[Stored items]
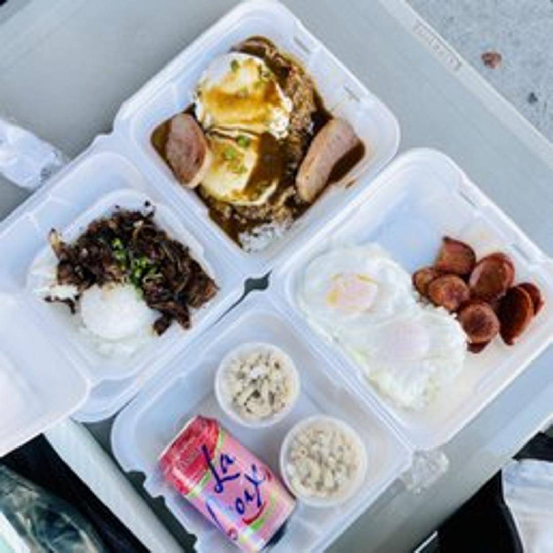 A Hawaiian comfort food classic featuring a bed of steamed white rice, topped with a juicy grilled hamburger patty, a rich and savory brown gravy, and a fried egg.
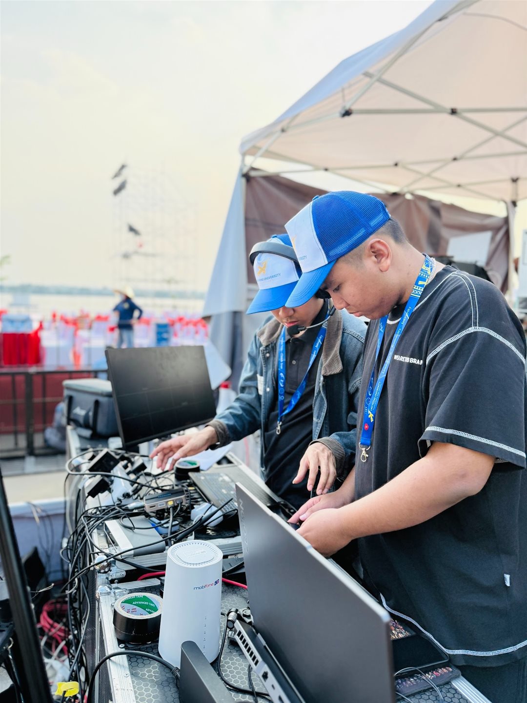 In the days leading up to the Tran Bien Countdown, the backstage area has been in a state of constant activity. Sound checks, lighting demos, signal testing, and various technological devices are operating around the clock. Amidst this bustling environment, students and alumni from Lac Hong University (LHU) are directly managing several key technical and media components, contributing to the creation of a modern and professional community event.
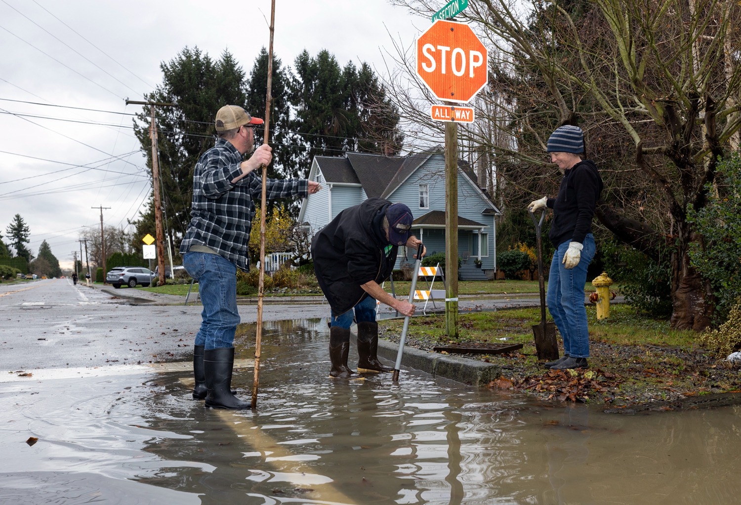 2025年12月12日,华盛顿州伯灵顿市(Burlington)遭遇严重洪灾,当地居民设法清理排水沟,以便让洪水尽快退去。(Natalie Behring/Getty Images)
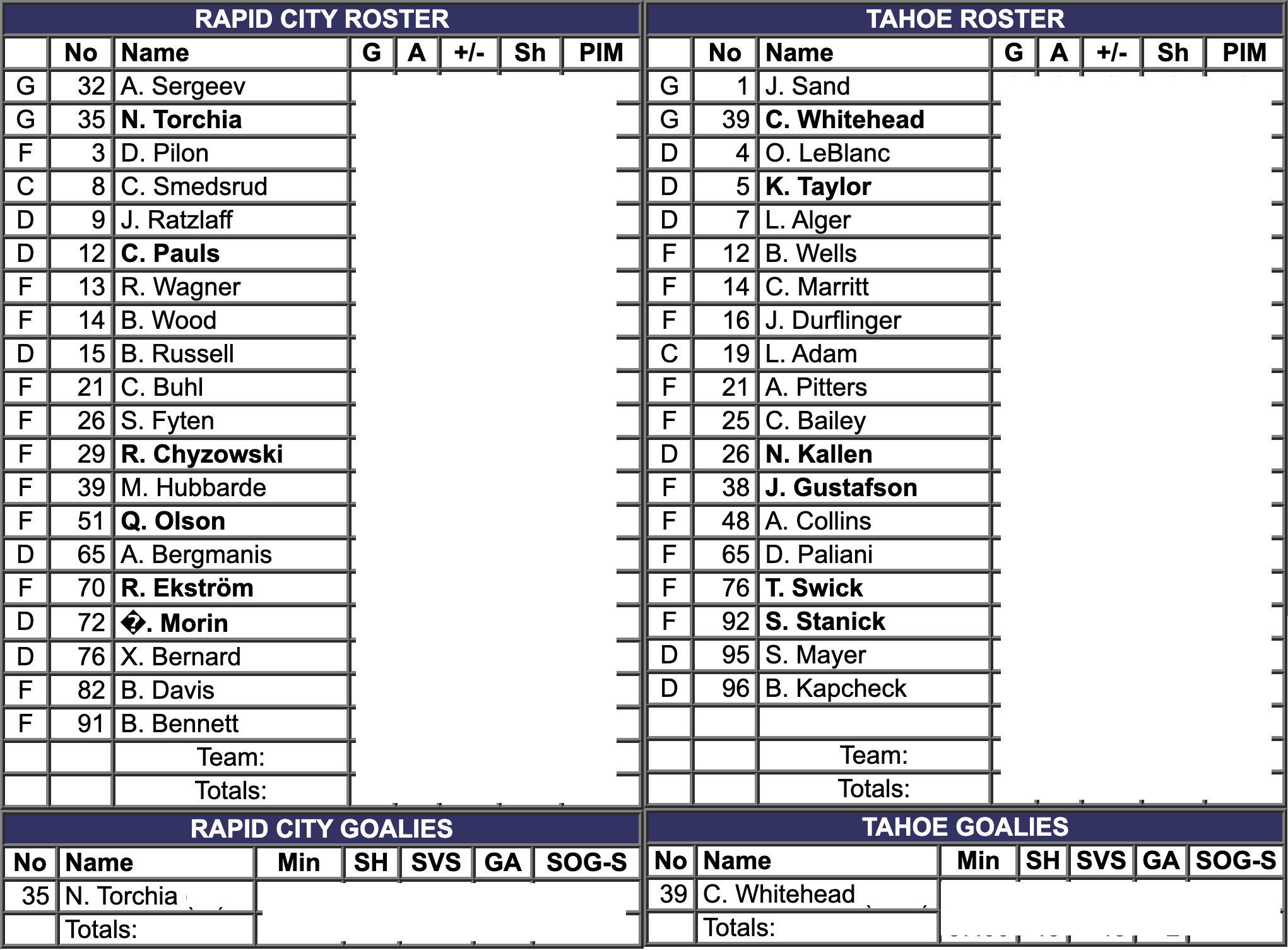 Five minutes into the game, Matt Hubbarde of the Rush was called for interference. Eight minutes into the game, Olivier LeBlanc of Tahoe was called for unsportsmanlike conduct and holding. With under nine minutes remaining in the first period, Jake Durflinger of Tahoe was called for roughing. At the end of the period, Matt Hubbarde of the Rush was called for roughing. The Rapid City Rush had a 1-0 lead after the first period.
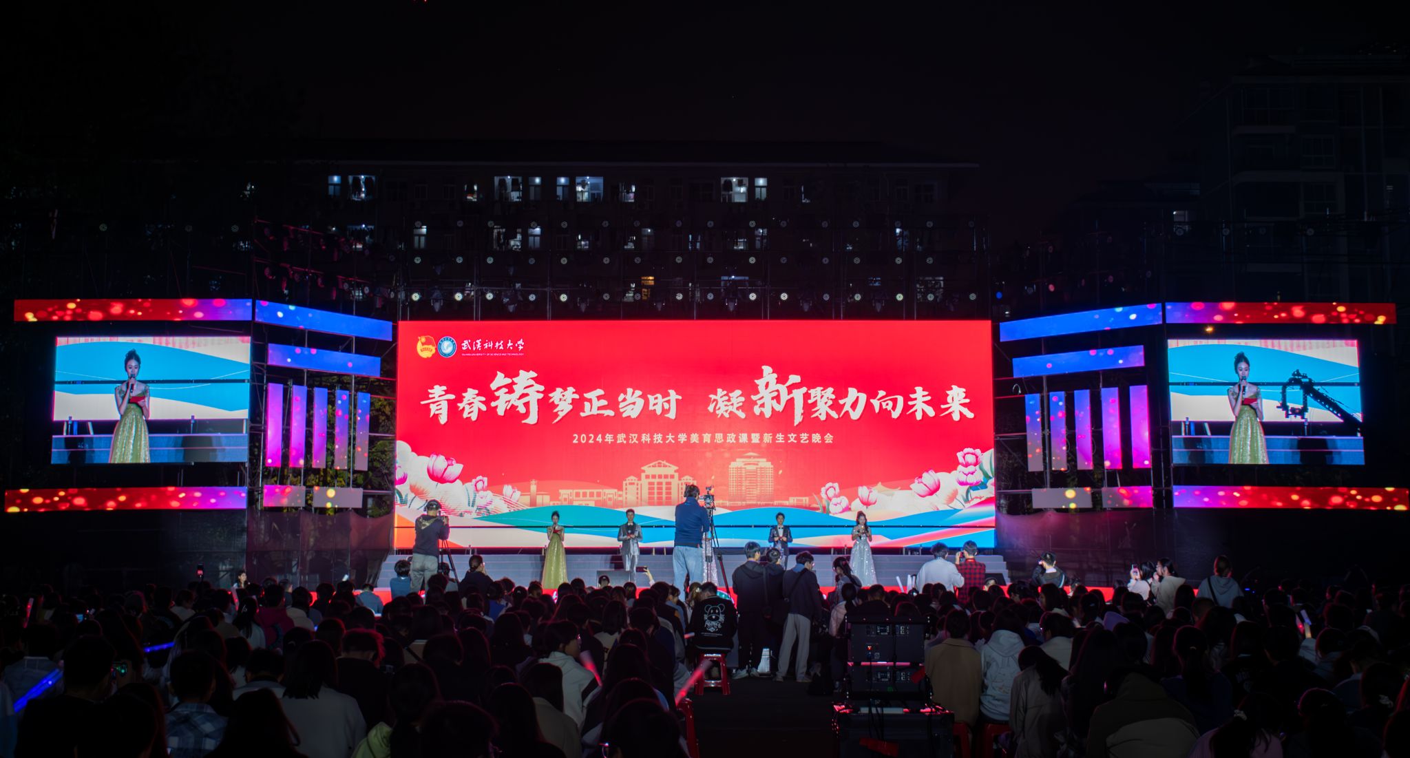 青春铸梦正当时,凝“新”聚力向未来。11月16日晚,365完美在黄家湖校区北园操场举办2024年美育思政课暨新生文艺晚会,用丰富多彩的校园文化铸梦,与新生共绘青春新篇章。党委学生工作部部长潘丽莎、校团委书记王媛媛、学校相关职能部门负责人及各学院党委副书记出席晚会,7000余人新生参加晚会。
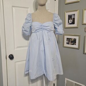 Chic mini babydoll cut dress with puff sleeves. Sweetheart neckline. Perfect for any occasion. Has pockets.

**TASK INSTRUCTIONS**
Set down every entry above without alteration, but print no images.

**RESPONSE AREA**
 A Hawaiian comfort food classic featuring a bed of steamed white rice, topped with a juicy grilled hamburger patty, a rich and savory brown gravy, and a fried egg.
 In the days leading up to the Tran Bien Countdown, the backstage area has been in a state of constant activity. Sound checks, lighting demos, signal testing, and various technological devices are operating around the clock. Amidst this bustling environment, students and alumni from Lac Hong University (LHU) are directly managing several key technical and media components, contributing to the creation of a modern and professional community event.
 2025年12月12日,华盛顿州伯灵顿市(Burlington)遭遇严重洪灾,当地居民设法清理排水沟,以便让洪水尽快退去。(Natalie Behring/Getty Images)
 Five minutes into the game, Matt Hubbarde of the Rush was called for interference. Eight minutes into the game, Olivier LeBlanc of Tahoe was called for unsportsmanlike conduct and holding. With under nine minutes remaining in the first period, Jake Durflinger of Tahoe was called for roughing. At the end of the period, Matt Hubbarde of the Rush was called for roughing. The Rapid City Rush had a 1-0 lead after the first period.
 青春铸梦正当时,凝“新”聚力向未来。11月16日晚,365完美在黄家湖校区北园操场举办2024年美育思政课暨新生文艺晚会,用丰富多彩的校园文化铸梦,与新生共绘青春新篇章。党委学生工作部部长潘丽莎、校团委书记王媛媛、学校相关职能部门负责人及各学院党委副书记出席晚会,7000余人新生参加晚会。
 Chic mini babydoll cut dress with puff sleeves. Sweetheart neckline. Perfect for any occasion. Has pockets.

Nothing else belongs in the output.